### Source records

-- Opening Marker --

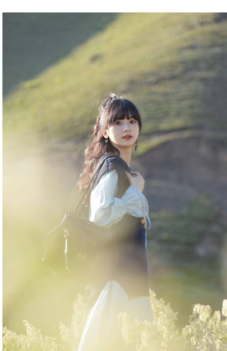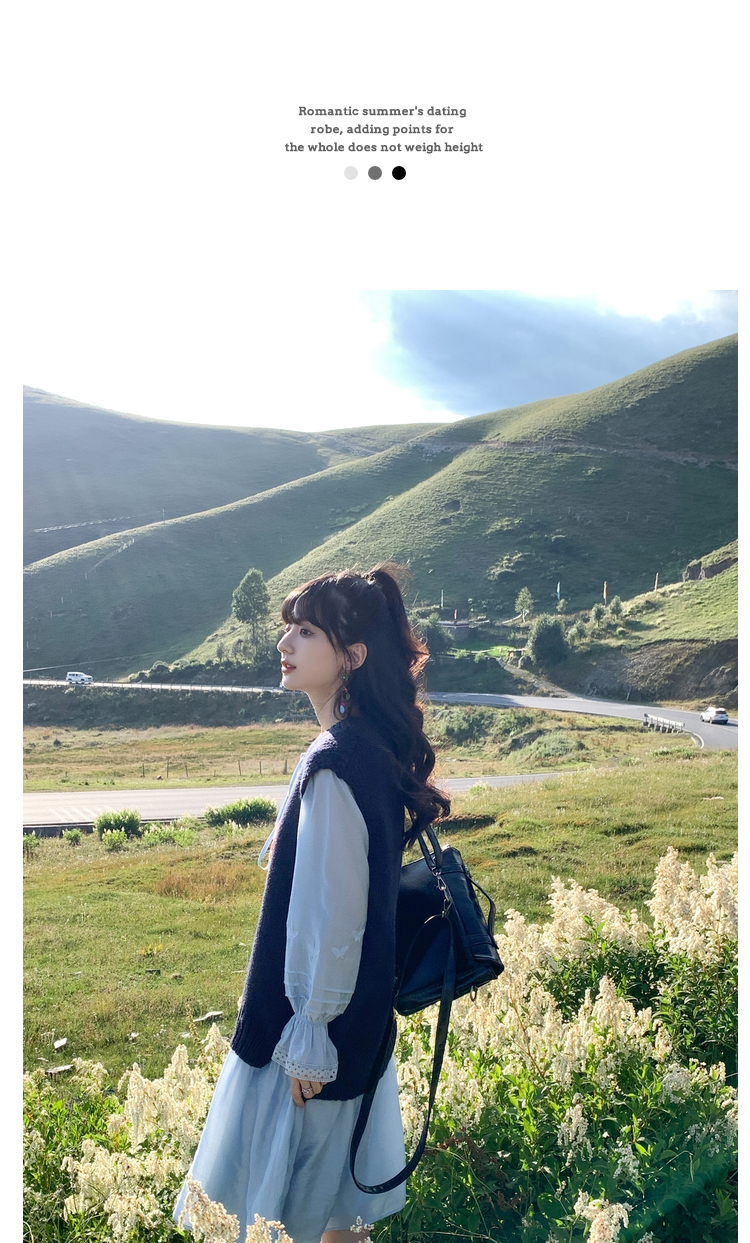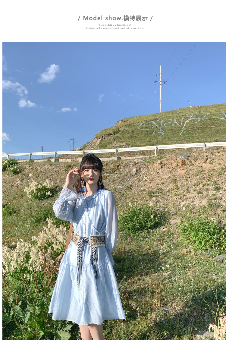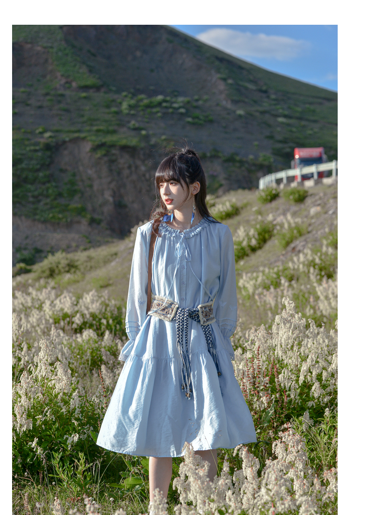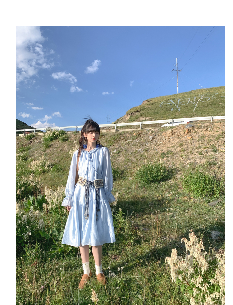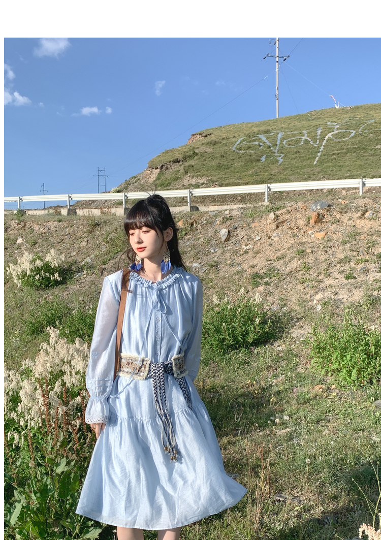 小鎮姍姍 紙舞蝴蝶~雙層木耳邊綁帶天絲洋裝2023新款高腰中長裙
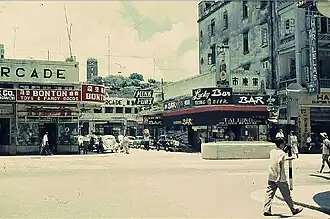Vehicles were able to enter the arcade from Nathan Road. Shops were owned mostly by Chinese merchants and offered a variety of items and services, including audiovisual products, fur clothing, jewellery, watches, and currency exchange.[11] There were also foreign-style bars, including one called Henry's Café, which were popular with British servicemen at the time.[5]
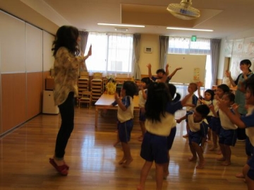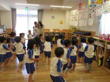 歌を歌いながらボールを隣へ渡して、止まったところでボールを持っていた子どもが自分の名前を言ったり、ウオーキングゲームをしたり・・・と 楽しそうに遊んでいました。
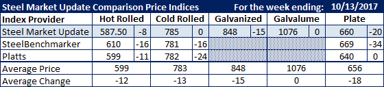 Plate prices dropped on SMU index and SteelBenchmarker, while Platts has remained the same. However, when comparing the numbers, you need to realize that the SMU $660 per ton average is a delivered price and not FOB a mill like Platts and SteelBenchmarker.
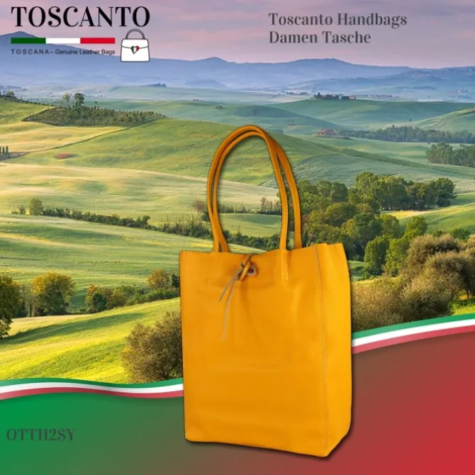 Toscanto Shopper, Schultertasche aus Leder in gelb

-- Closing Marker --
-- Opening Marker --

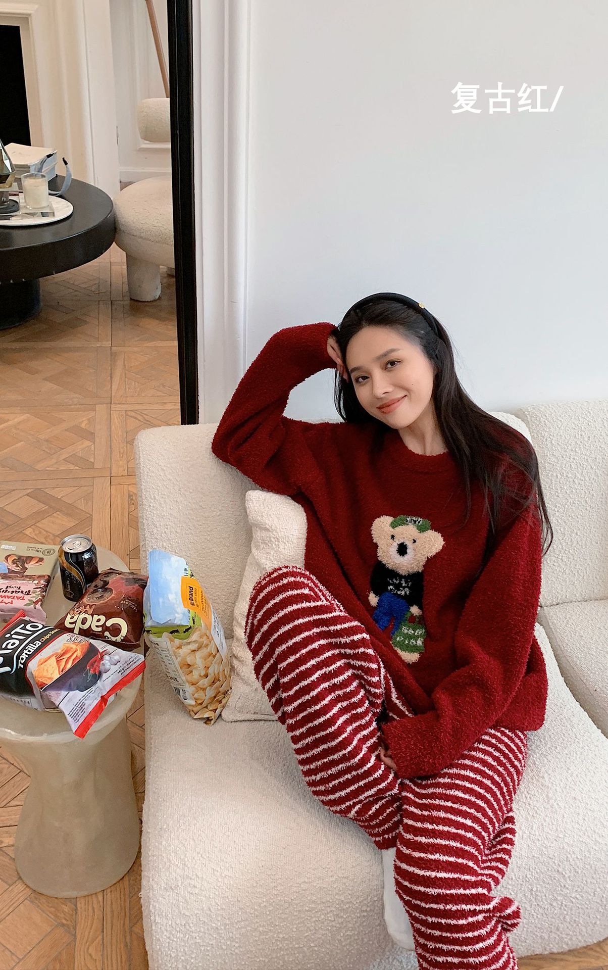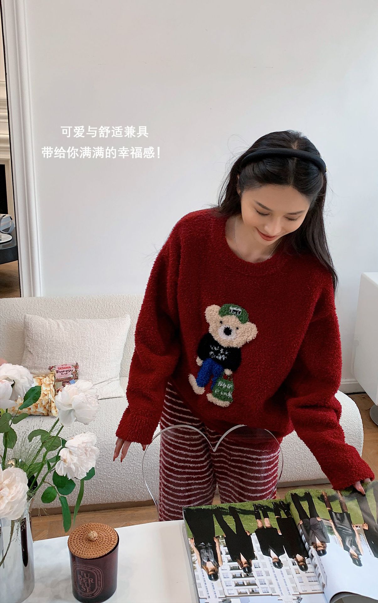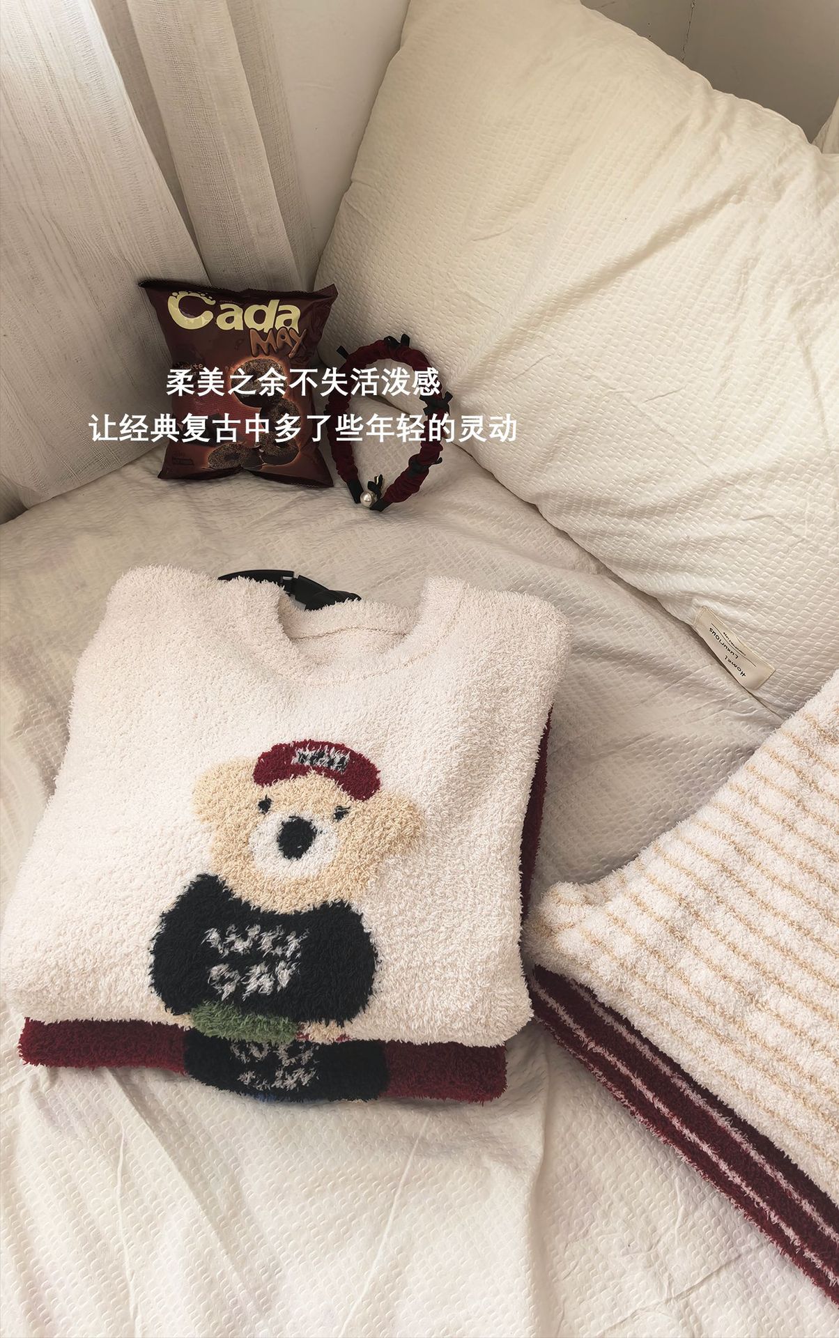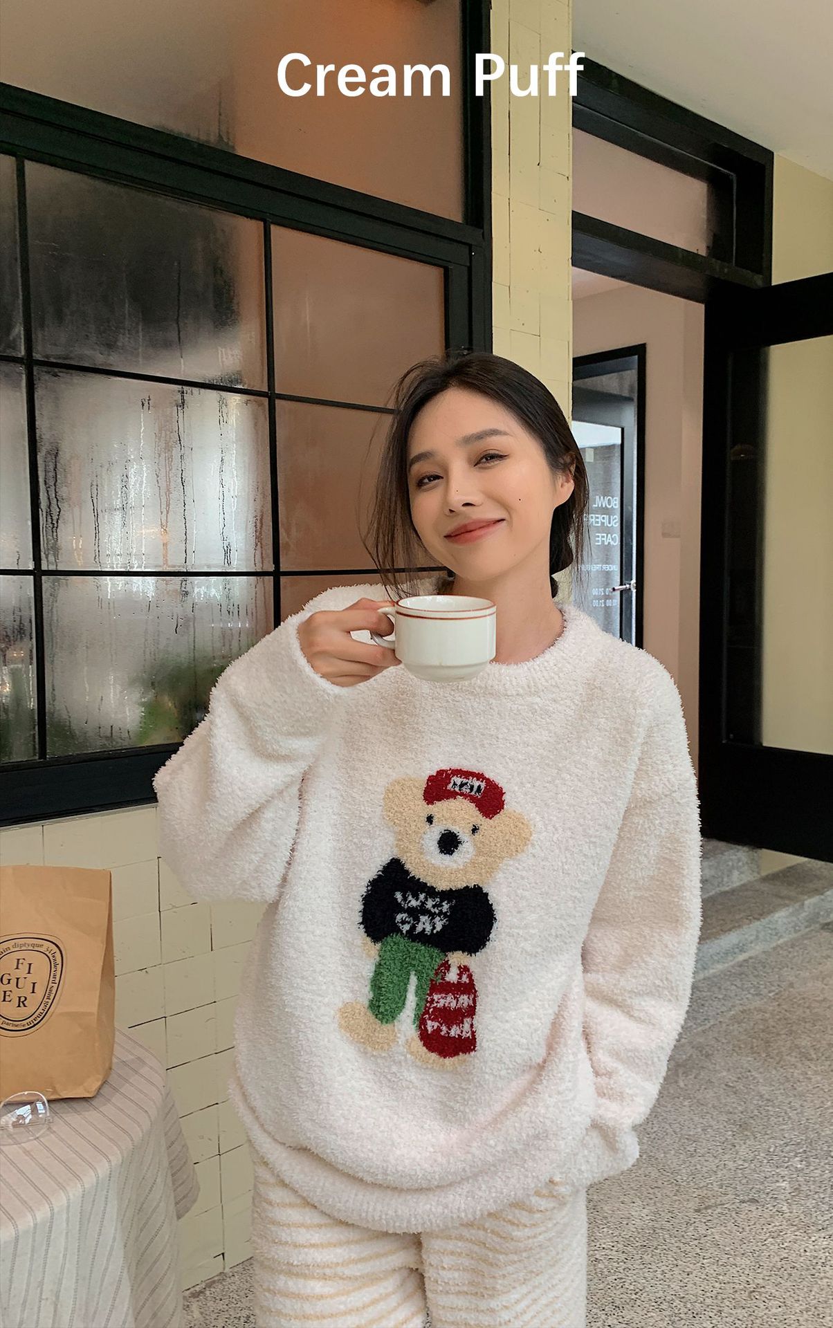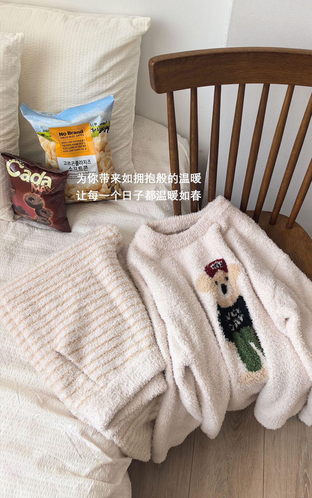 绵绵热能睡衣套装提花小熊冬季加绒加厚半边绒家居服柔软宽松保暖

-- Closing Marker --

### Exercise goal
In the listing above, find the line with "歌を歌いながらボールを隣へ渡" and the line with "Toscanto Shopper, Schultertasche". Output both, plus every line between them, and no pictures.

### Response to this exercise
 歌を歌いながらボールを隣へ渡して、止まったところでボールを持っていた子どもが自分の名前を言ったり、ウオーキングゲームをしたり・・・と 楽しそうに遊んでいました。
 Plate prices dropped on SMU index and SteelBenchmarker, while Platts has remained the same. However, when comparing the numbers, you need to realize that the SMU $660 per ton average is a delivered price and not FOB a mill like Platts and SteelBenchmarker.
 Toscanto Shopper, Schultertasche aus Leder in gelb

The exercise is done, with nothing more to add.